TODAY, everything just seemed wrong.

Made my friends mad because I overslept and was late for a meeting, broke the coffee cattle and spilt coffee all over the freakin carpet, flatting problems, heaps of studies to attend to, and still, I have to work tonight, washing dishes for 4 hours.

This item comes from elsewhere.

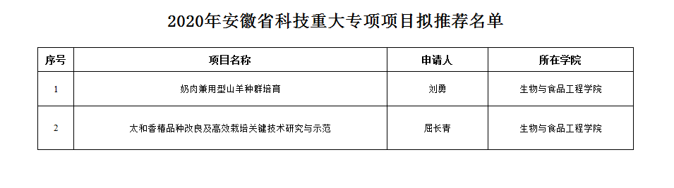 2020年度安徽省科技重大专项项目的推荐工作已经完成,经个人申请、学院推荐、专家评审,学术委员会推荐等程序,现将我校拟推荐的项目进行公示(2020年8月20日至8月22日),公示期内如有异议请以实名书面材料形式反馈至科研处办公室,联系电话:2596562。
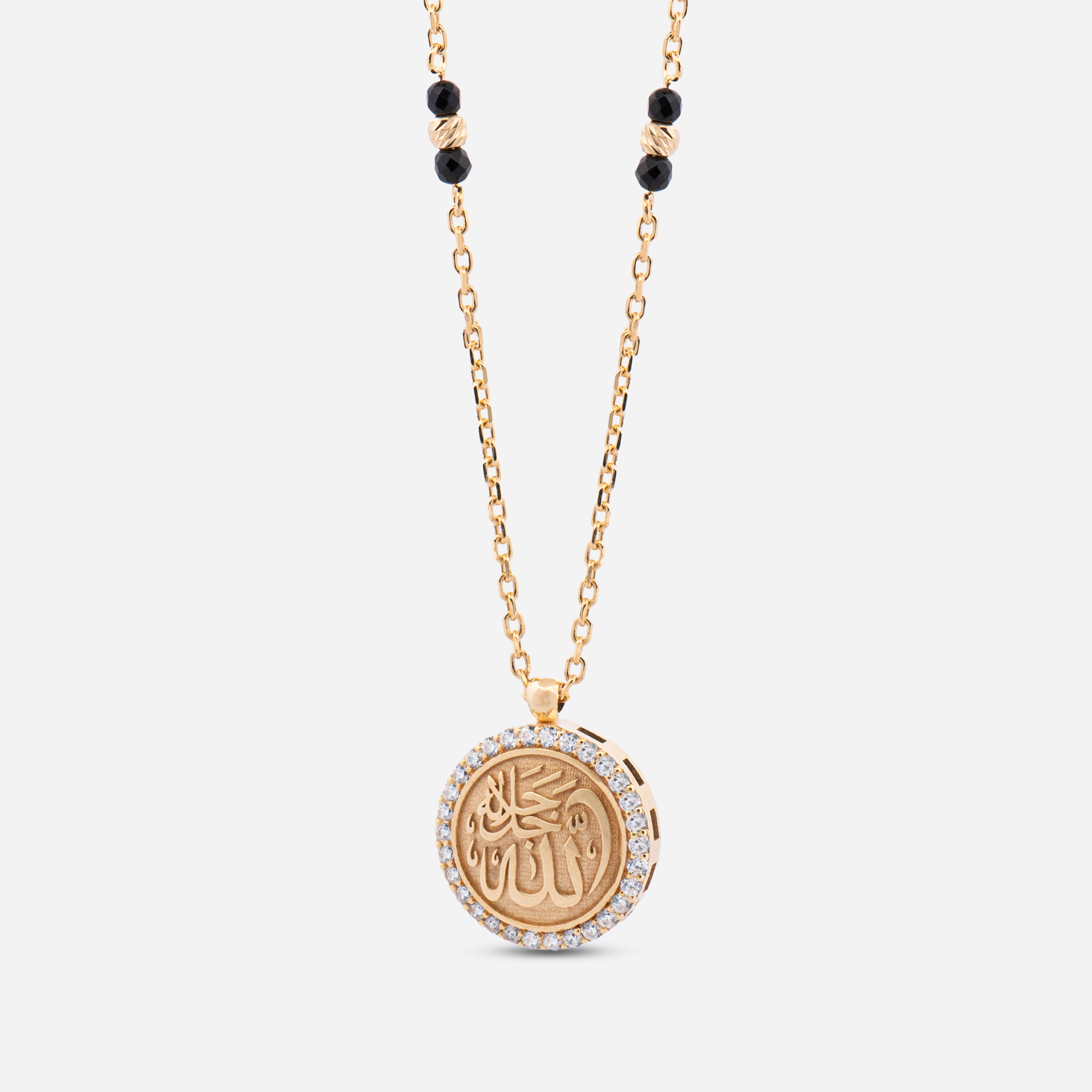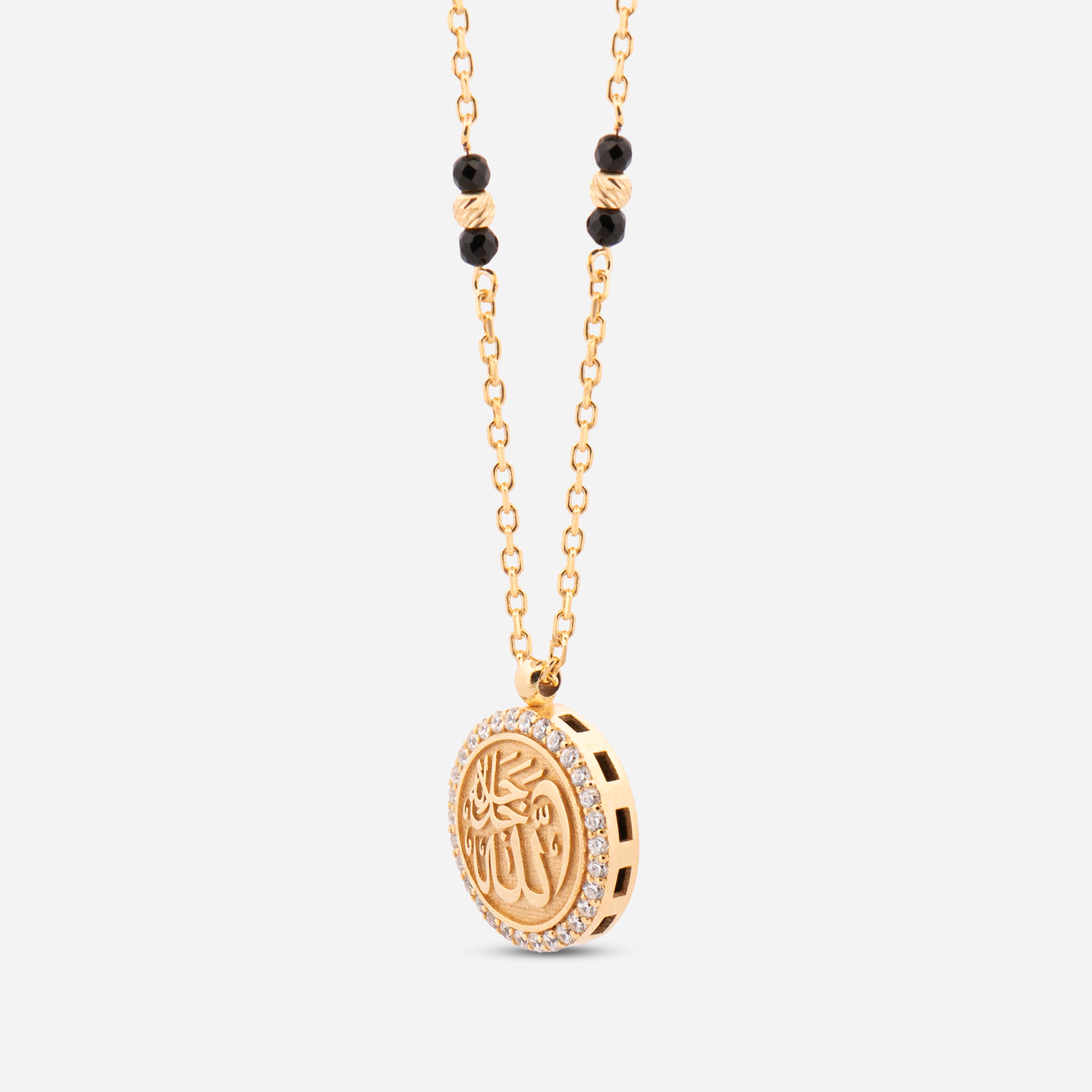 925 Sterling Silver Gold Plated Lafzatullah Round Shape Kaaba Covered Necklace

And only half the day has passed, what next?

Thursday, May 19, 2005

Procrastination

Didn't know what to do, Anna, yeah, I am doing it too right now, after you... I am procrastinating. Told myself that I feel like writing my blog when I do not have anything to write about, and while I have heaps of other stuffs to attend to.
Dinki, is that your idea of procrastination?
I know... I suck, big time.

Tuesday, May 17, 2005

Sucks!

What? Air New Zealand of couse!

Went to Air New Zealand today, wanted to change my flight date from 30th of Sept to 26th of June. Waited until my turn, the lady actually got up and said to me, she will go off for a minute. Guess what, a minute for her was half an hour for me. I actually felt asleep infront of the counter. Did she went to shit? for a coffee? or to give birth to a child? I don't give a shit...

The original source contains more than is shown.